This afternoon, we had hightailed it out of Köln, and made it to the Groningen venue, Platform Theatre about a half hour early. The immediate local city landscape (around the club) is underwhelming and desolate, to which my feelings give way, from cautious optimism to defeat. Why are we here? What are we doing? You have to understand that, although the road is generally a carefree zone of fun times and modest sightseeing, it can also present an undertow of personal insecurities, as one is away from the homelike affairs that can so conveniently anchor one's personality. Stripped of the usual daily responsibilities, and with a wife and family back home, I am susceptible to such questions of value. I need to be validated through audience response, or at least some good sightseeing. Left to my own devices in a desolate part of town brings me to a darker and lonelier place.

After that lengthy introduction, let me introduce Wopke Shoes. Located right next door to the Platform Theatre, is the eccentric shoemaker who let us in his little shop and managed to inspire us with examples of shoes, made from alligator or snake leather, that featured eyes on the side, and had horns attached. I snapped a photo for my wife of the shoes. Also impressive about Wopke was his Dali-esque waxed moustache. Wopke was put on our guestlist for the evening (+1), but never showed. Too bad.

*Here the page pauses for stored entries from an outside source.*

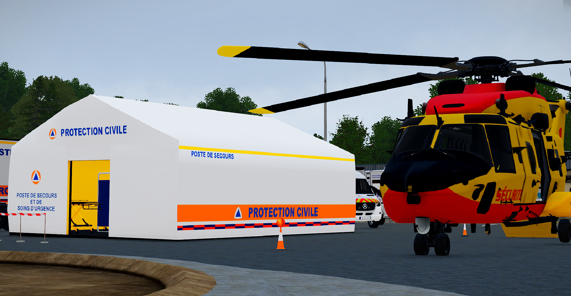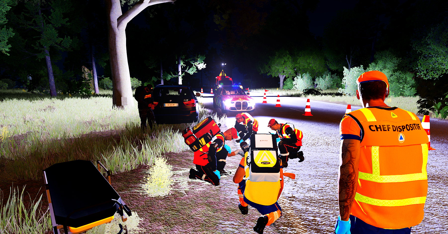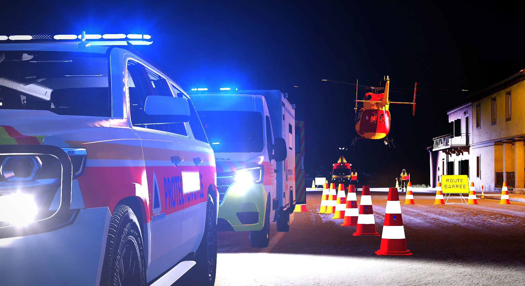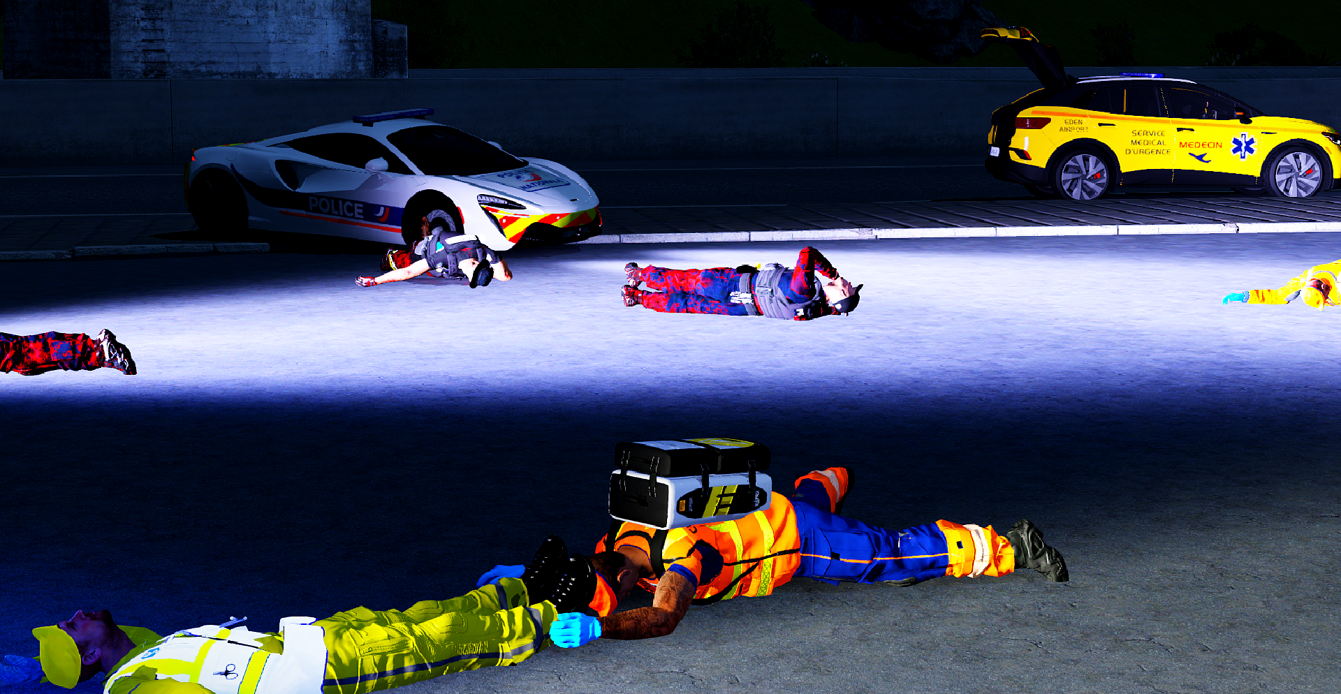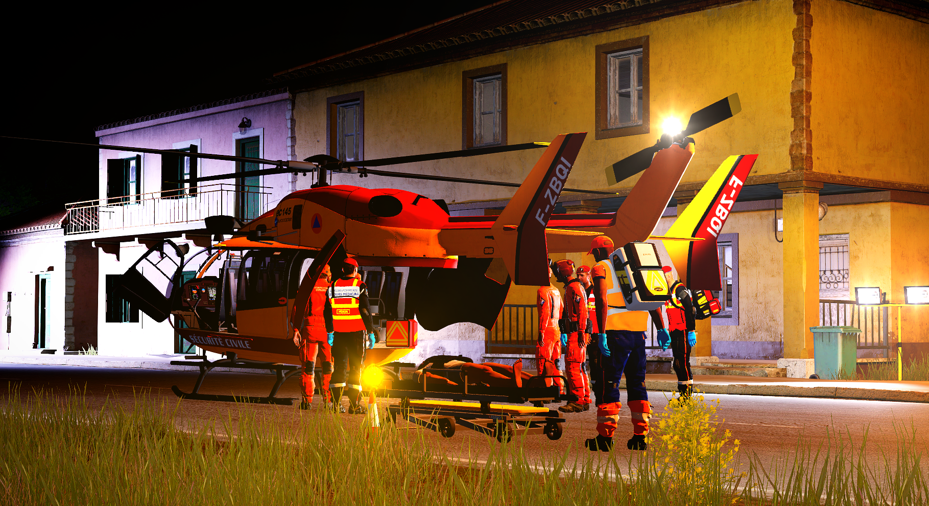 Par une nuit calme, dans un village côtier proche d'une prison, un homme s'effondra sur la route principale, victime d'un arrêt cardio-respiratoire. Les secours arrivèrent rapidement : PCiVC, pompiers et SSSM s'unirent pour tenter de le réanimer. Peu après, le EC-145 de la Sécurité Civile atterrit sur une portion dégagée de la route, loin de la prison. Transporté sur un brancard jusqu'à l'hélicoptère, l'homme fut pris en charge par l'équipe médicale. Les pales tournèrent, et l'hélicoptère s'éleva dans la nuit, emportant l'espoir d'une vie sauvée.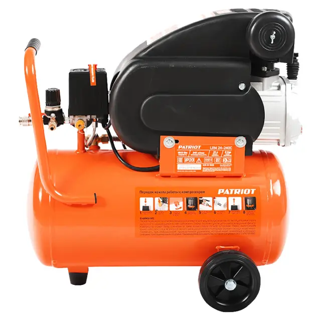 Поршневой масляный компрессор PATRIOT LRM 24-240C - это надежный и производительный инструмент, который станет незаменимым помощником в гараже, мастерской или на даче. Он предназначен для выработки, хранения и подачи сжатого воздуха в пневмопистолеты и другие пневмоинструменты. Он прост в эксплуатации и обслуживании, а благодаря своей высокой мощности и производительности подходит для различных работ с пневмоинструментами.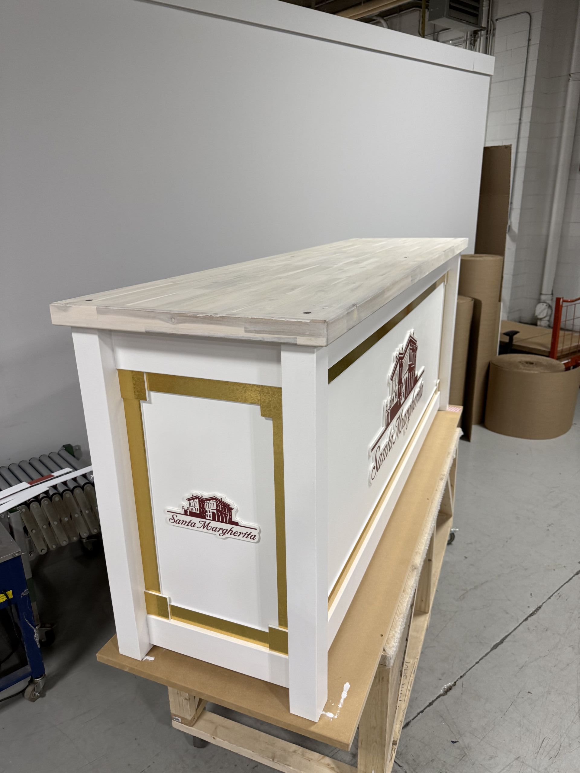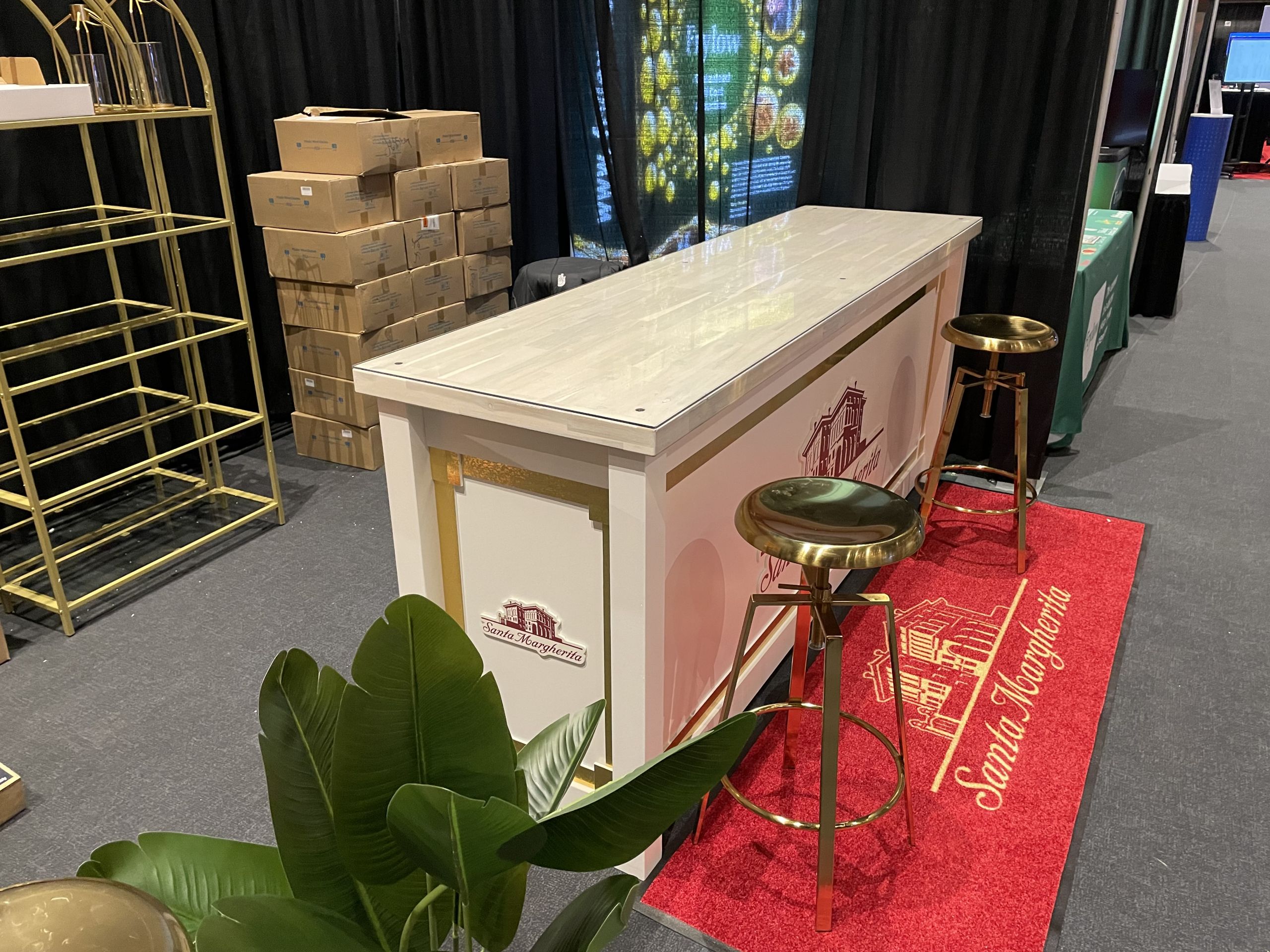 Santa Margherita Bar needed a bar table for their space at a convention we crafted a clean looking bar with some flair.

Also shown are some cellphone pics from the Noorderzon Festival, which is a fantastic art and culture fest in a local park that is mostly free, and featured multiple forms of art. The park was full and the demographic was (enviously) everybody from very young to very old. Oh the Dutch, doing it right again.

Tuesday, September 7, 2010

Aug 26 Köln King Georg




We arrive in Köln, affectionately known to Canadians and some other internationals as Cologne. This will be Elliott BROOD's first show ever in Germany, so there is excited anticipation, at least within the band. First off, the feel is a bit unnerving, at least for me, since I've been in the relative safety of Netherlands where most everyone will speak in English with you. We park and the storefronts all look strange and foreign. Places with names like "Hairkiller" and "Salz and Pfeffer". Everything feels so foreign, and the German tongue doesn't exactly sound friendly.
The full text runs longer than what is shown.